As your pregnancy progresses, your digestive system may react to your body’s changes. 

First trimester 
You may have some nausea, food aversions, or cravings that can disturb the normal digestive process. 

Second trimester 
Slower digestion can result in constipation. (The hormone progesterone would have kicked in by now—it relaxes the smooth muscles lining the digestive tract which slows the process of digestion.) 

Third trimester 
Elimination can become difficult, sometimes leading to haemorrhoids (piles). (Your growing baby is now engaging and pressing on some of your internal organs and blood vessels, making your digestive system work less smoothly than you’d like.) 

By now it probably goes without saying, a healthy diet and enough fibre are super-important to your baby and you—especially when it comes to possible digestive disturbances. 

Pregnancy cravings 

  • Cravings are by-products of your pregnancy hormones (same goes for aversions). 
  • Common favourites? Sweets, fruits, salty or spicy foods, and hard or chewy foods top most expectant Mum’s lists. 
  • Craving junk?
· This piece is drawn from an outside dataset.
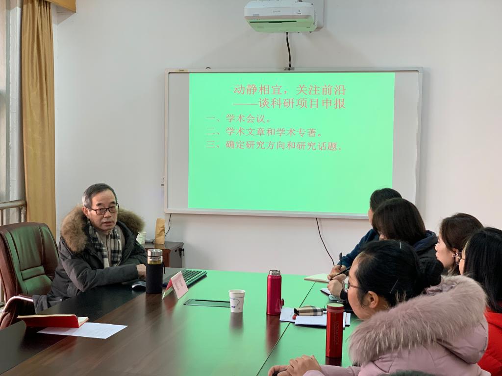 1月20日上午,马克思主义学院邀请河海大学外国语学院蔡斌教授来我院做科研课题申报专题讲座。全体英语教师参加了此次活动。

Seek out a healthier alternative 

Pregnancy aversions 

  • Strong aversions to foods are common during pregnancy, especially during the first trimester.
  • Got an aversion to a nutritious food? Substitute an equally nutrient-dense food. (Fish? Yuck! Guess I’ll settle for chicken—it’s high in protein.) 

With both food cravings and aversions, it’s best to follow your body’s signals—all the while, (and this goes for your diet in general), make healthy choices. 

# Standards for Maternal and Neonatal Care (Integrated Management of Pregnancy and Childbirth), WHO 2007 
2 Wilson RD et al. Pre-conception Folic Acid and Multivitamin Supplementation for the Primary and Secondary Prevention of Neural Tube Defects and Other Folic Acid-Sensitive Congenital Anomalies. SOGC Clinical Practice Guideline, No. 324. J Obstet Gynaecol Can. 2015;29(12):1003-1013. 
3 Daily Adequate Intake (AI) of total fibre for pregnant women aged 19-50 years old (Institute of Medicine. Dietary, Functional and Total Fiber. In: Dietary reference intakes for energy, carbohydrate, fiber, fat, fatty acids, cholesterol, protein, and amino acids. Washington: National Academies Press, 2005.)